2 lbs beef chuck (preferably grass-fed), cut into 2-inch pieces
2 Tbsps olive oil or avocado oil, divided
4 Tbsps gluten-free flour, or Arrowroot powder
1 Tbsp smoked paprika
sea salt and freshly ground pepper to taste, about 1/2 teaspoon each
4 cups beef bone broth
3 large carrots, peeled and chopped
2 sweet onions, peeled and quartered
4 ribs of celery, chopped
3-5 fresh garlic cloves, chopped
3/4 cup dry red wine
2 Tbsps coconut aminos, Bragg's liquid aminos, or low sodium soy sauce
1 lb. baby potatoes, halved or quartered
4 parsnips, peeled and chopped
4 Tbsps freshly chopped parsley leaves, to garnish

Steps:

  • Peel and thoroughly rinse your parsnips, carrots, onions, and potatoes.
  • Cut into 1-1/2-inch pieces.
  • Cut your beef into 1-1/2 inch cubes.
  • Season beef cubes well with smoked paprika, sea salt and pepper, then dredge the beef into the flour (or Arrowroot powder) pressing a bit to ensure a good hold.
  • Heat 1 Tablespoon of oil in a Dutch oven over medium-high heat. Add in beef cubes along with any excess flour and cook until nicely browned, about 5 to 7 minutes. Set browned beef aside on a plate.
  • Add the remaining tablespoon of oil into the same pan and heat. Add in your onions, celery, carrots, and garlic then sauté until slightly golden, for about 3 minutes.
  • Stir in coconut aminos and wine, then simmer until liquid is slightly cooked off.
  • Place the beef back into your pot. Pour in broth and add potatoes and parsnips, then give it all a good stir.
  • Stovetop method:
  • Reduce heat to low, cover and let it simmer on your stovetop for 90 minutes, stirring occasionally.
  • Oven method:
  • You may choose to place your Dutch oven in the oven instead of the stovetop using the oven method:
  • Preheat your oven to 350°F.
  • Cover your pot with an oven-safe lid and cook for an hour or so until veggies and meat are super fork tender.

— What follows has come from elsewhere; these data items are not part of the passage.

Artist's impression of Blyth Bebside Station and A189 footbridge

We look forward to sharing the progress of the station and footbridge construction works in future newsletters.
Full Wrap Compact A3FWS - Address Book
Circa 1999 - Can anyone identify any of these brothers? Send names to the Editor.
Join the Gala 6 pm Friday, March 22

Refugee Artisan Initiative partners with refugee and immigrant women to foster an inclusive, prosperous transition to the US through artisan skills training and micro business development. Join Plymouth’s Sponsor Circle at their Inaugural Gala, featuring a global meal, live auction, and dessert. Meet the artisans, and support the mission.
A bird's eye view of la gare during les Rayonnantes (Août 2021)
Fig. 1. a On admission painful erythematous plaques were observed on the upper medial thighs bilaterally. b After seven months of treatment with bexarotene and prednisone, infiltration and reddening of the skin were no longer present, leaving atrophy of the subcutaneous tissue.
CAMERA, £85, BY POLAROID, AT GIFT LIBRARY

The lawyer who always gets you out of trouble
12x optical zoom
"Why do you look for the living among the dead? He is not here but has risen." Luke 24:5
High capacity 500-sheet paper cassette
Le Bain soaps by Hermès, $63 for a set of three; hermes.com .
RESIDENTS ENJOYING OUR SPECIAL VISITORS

  • Crock-pot/Slow Cooker method:
  • After following above instructions to prepare & brown the meat, and sauté veggies, then add everything (all ingredients including scraped brown bits from saute pan) into your slow cooker, then give it all a good stir. I recommend cooking on LOW for 8-10 hours for best flavor.
  • Instant Pot method:
  • After following above instructions to cut and flour your meat and prepare vegetables then, add 1 Tablespoon of oil to the instant pot and turn on the saute function. When the oil starts to sizzle add your prepared meat.

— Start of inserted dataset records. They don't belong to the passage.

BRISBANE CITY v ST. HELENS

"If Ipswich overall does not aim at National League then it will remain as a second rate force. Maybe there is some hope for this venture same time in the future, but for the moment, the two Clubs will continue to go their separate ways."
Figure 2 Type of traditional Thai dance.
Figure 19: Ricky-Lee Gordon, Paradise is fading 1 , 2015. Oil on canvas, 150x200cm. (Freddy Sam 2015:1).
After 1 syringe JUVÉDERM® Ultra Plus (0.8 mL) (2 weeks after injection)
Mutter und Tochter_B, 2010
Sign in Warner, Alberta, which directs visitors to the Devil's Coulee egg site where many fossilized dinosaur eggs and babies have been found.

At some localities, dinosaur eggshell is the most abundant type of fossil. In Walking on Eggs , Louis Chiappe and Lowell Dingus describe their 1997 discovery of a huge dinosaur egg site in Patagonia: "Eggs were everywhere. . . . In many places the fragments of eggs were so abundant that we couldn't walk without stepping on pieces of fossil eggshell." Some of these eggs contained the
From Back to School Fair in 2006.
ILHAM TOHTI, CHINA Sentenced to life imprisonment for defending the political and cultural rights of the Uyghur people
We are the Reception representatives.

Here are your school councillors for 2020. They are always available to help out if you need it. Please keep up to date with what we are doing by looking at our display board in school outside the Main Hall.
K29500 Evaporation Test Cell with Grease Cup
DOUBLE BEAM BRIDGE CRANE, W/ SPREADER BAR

  • Cook the meat until browned on all sides.
  • Set browned beef aside on a plate.
  • Add the remaining tablespoon of oil into the pot and heat. Add in your onions, celery, carrots, and garlic then sauté until slightly golden, for about 3 minutes.
  • Stir in coconut aminos and wine, then simmer until liquid is slightly cooked off.
  • Place the beef back into your pot. Pour in broth and add potatoes and parsnips, then give it all a good stir, and use a wooden spoon to scrape the brown bits from the bottom of the pan.
  • Close the lid and steam valve on your instant pot.
  • Cook on high pressure for 35 minutes, then allow the pressure to release naturally for 10 minutes before doing a quick release.
  • To serve:
  • Transfer your stew into bowls, garnish with parsley and serve warm. Enjoy!
  • Store your stew in air-tight containers. You can refrigerate up to 3-4 days and freeze it for up to 3 months, just heat it through when ready to serve.